Кошка Манька выкатила откуда–то из–под дивана. Вот она распрямилась, после взъерошено выгнула спину и ещё раз недовольно мявкнула, поглядев по сторонам. Раскрыла пасть, сделав вид, что зевнула. На самом деле её просто отпустил страх, и ослабленные нервы разжали сухожилия.
Котёнок Шишок взялся неведомо откуда. Взвыл, пахнул гарью, пронёсся, опрокинув цветочный горшок, и покатил по ступеням. Обрызгал лестницу кошачьей навозной жижей.
– Что же он съел такого? – удивляются дети.
– Всё самое интересное проспала, дурила! – пропел паяцем Михейша и собрался шутливо пнуть бедное животное женской полонаправленности в мягкие её, бабьего рода, множественного числа рёбра.
Кто–то гладит Маню: «Ма–а–ня, Ма–а–ня–а. Маленькая киса. Ну, и где Маня была? Прошляпила молнию?
Все засмеялись.
– С её шкуры искры сыплют, – заметил Анатолий.
– Не трогай, ёпом шибанёт!
Анатолий отдёрнул руку.
Опять рассмеялись.
– Бросьте её мучить, Она и так со страху чуть не обоссалась.
– Михейша, при детях–то…!
– Чего такого необычного сказал?
– Я вам на радостях три разных тортика спеку, – решительно и бесповоротно пообещала баба Авдоша.
– И сверху ещё один черёмуховый, – озаботилась Оля за Олю–Кузнечика… первый черёмуховый она определила лично себе. – И пирожок с яблоками, – это к утрешнему чаю.
Авдотья Никифоровна, грамотная в подобных природных явлениях, после шаровой оказией сначала успокоила всех, а потом, будто в школе, подробно разжевала детям свойства электрического пузыря. Вспомнила несколько случаев из жизни и один натурально школьный пример. Попутно сокрушаясь, поведала – отчего с ней и с детьми произошла такая великая оплошка.
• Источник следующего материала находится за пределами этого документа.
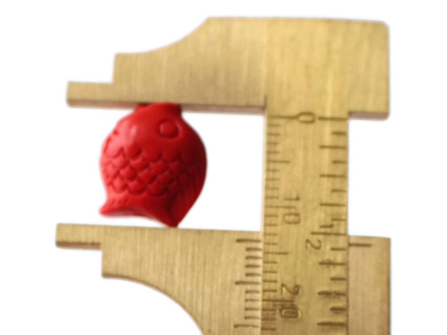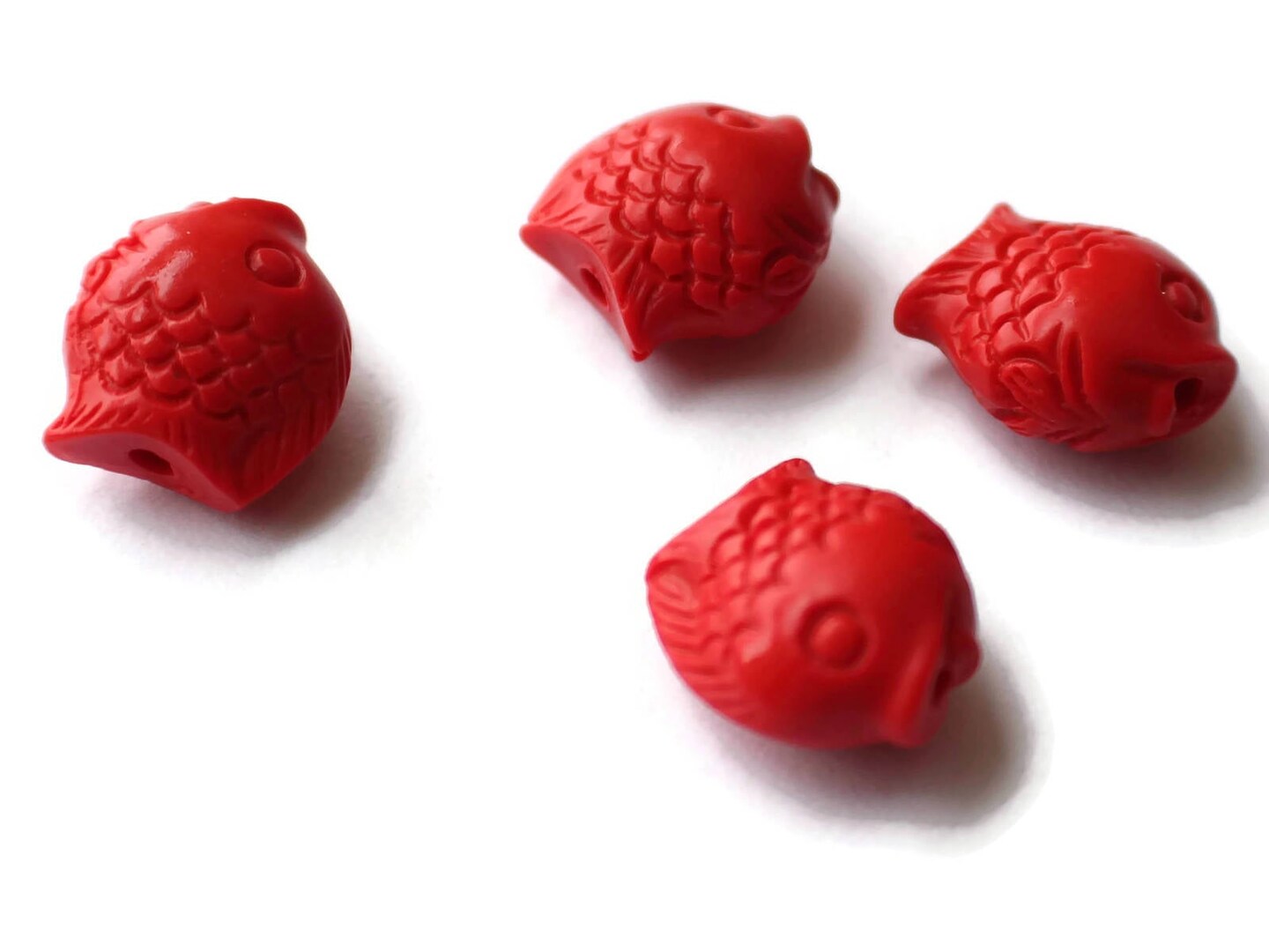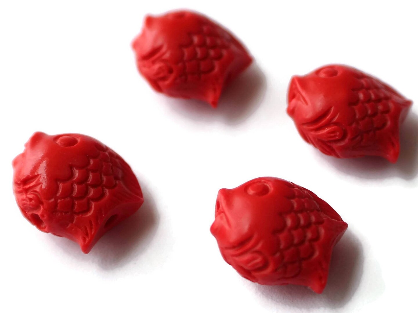 4 13mm Carved Cinnabar Fish Beads Red Lacquer Beads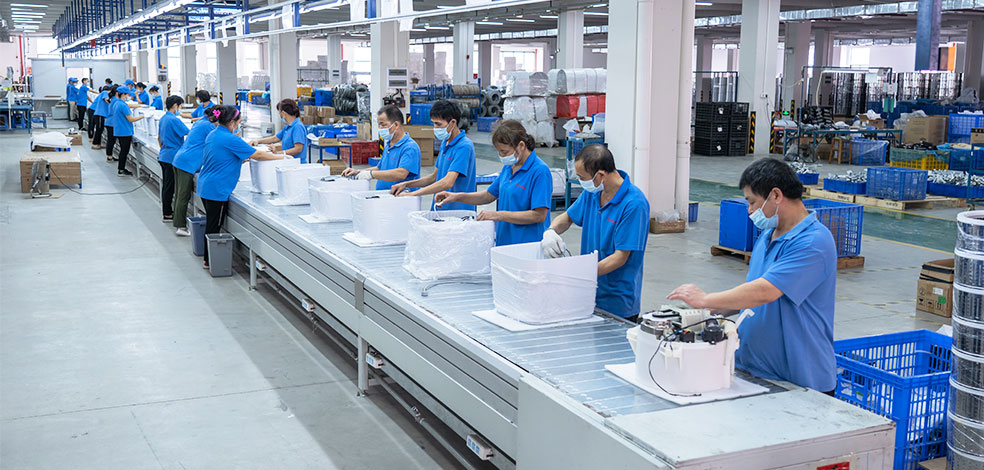 10萬㎡大型生產(chǎn)基地,26臺注塑機(jī),1條噴涂機(jī)器人涂裝生產(chǎn)線,4條機(jī)器人沖壓自動化生產(chǎn)線和3條組裝線 ,月產(chǎn)量高達(dá)50000臺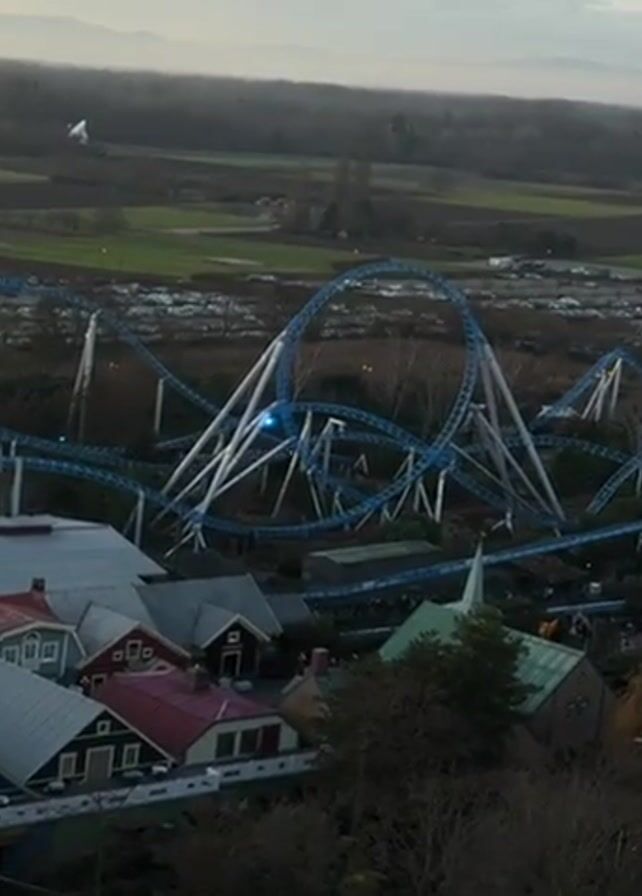 n amusement park, possibly located in a European country, as indicated by the architecture of the buildings. The dominant feature is a modern roller coaster with a white support structure and blue tracks. The roller coaster has multiple loops and twists. The buildings below appear to be styled in a traditional European manner, featuring sloped roofs. In the background, there's a field and trees. Cars are parked in the distance, suggesting a parking area for the amusement park. The sky is overcast, and the lighting indicates that it might be late afternoon. Two people are briefly mentioned by name.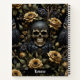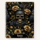 A decorated black and putty-gray skull is nestled among dusty ivory and black flowers. Personalize with your name in a black ribbon. Very Goth and beautiful.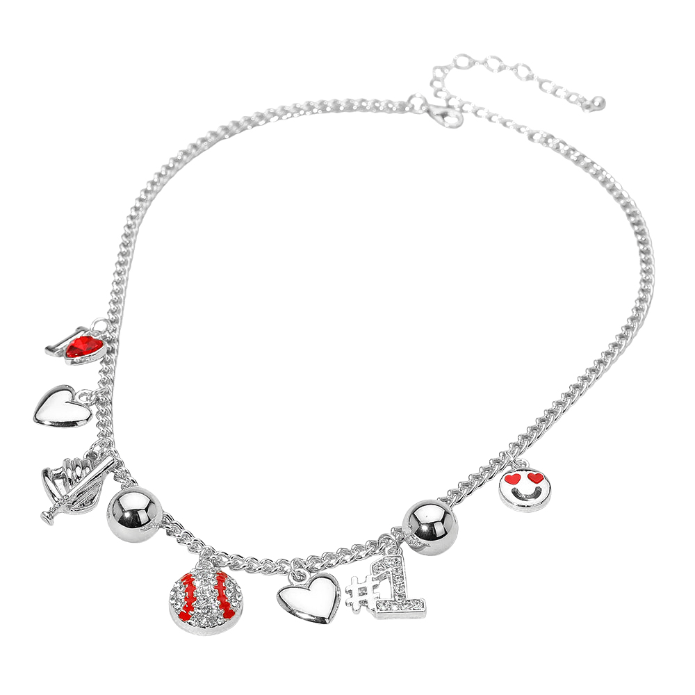 Details • Necklace Size : 16" + 3" L • Decor Size : 1" L • Add fun and personality to your look with this playful charm necklace featuring heart, emoji, and trophy pendants. Designed to capture a youthful spirit, it’s a versatile accessory that blends sparkle and charm, making it perfect for everyday wear or as a cheerful gift. • Lead and Nickel Compliant

– Заигралась я с вами, вы такие чудесные детки, а мне так нельзя. Я должна за вас отвечать.
– За всех?
– Конечно за всех.
– И за хороших и за плохих?
– А кто из вас плохой, ну–ка сознавайтесь! Есть плохие?
– Мы никому не расскажем!
– Все «хароршие», – закричала Даша, – я самая–присамая «хароршая».
– И я! Я как моряк, ничего не испугался, – рассудил Анатолий, – а вы орали как…
– Как кто?
– Как дед Пихто!
– Кхы! – сказала Лена, – как дед Пихто. Кто–нибудь его слышал? Может, видел? Ну и вот. Все просто орали как оглашенные… как напуганные люди. А потом замолкли…
– Благодаря бабе Авдоше, – стала подлизываться Оля– Кузнечик, – она вовремя смекнула как себя вести.
– Да уж, сообразила. Нашли, кого хвалить. Я самая последняя…
– Кто последняя?
– Не важно. Самая последняя глупая баба, вот кто. Повинюсь перед вашими родителями. Махра я старая, ей богу. Вот кто! Ох и дура, ну и дура!
Люди замолкли, не ожидав такого поворота. Всем казалось, что они проявили себя героями. Каждый! Впору выдавать ордена.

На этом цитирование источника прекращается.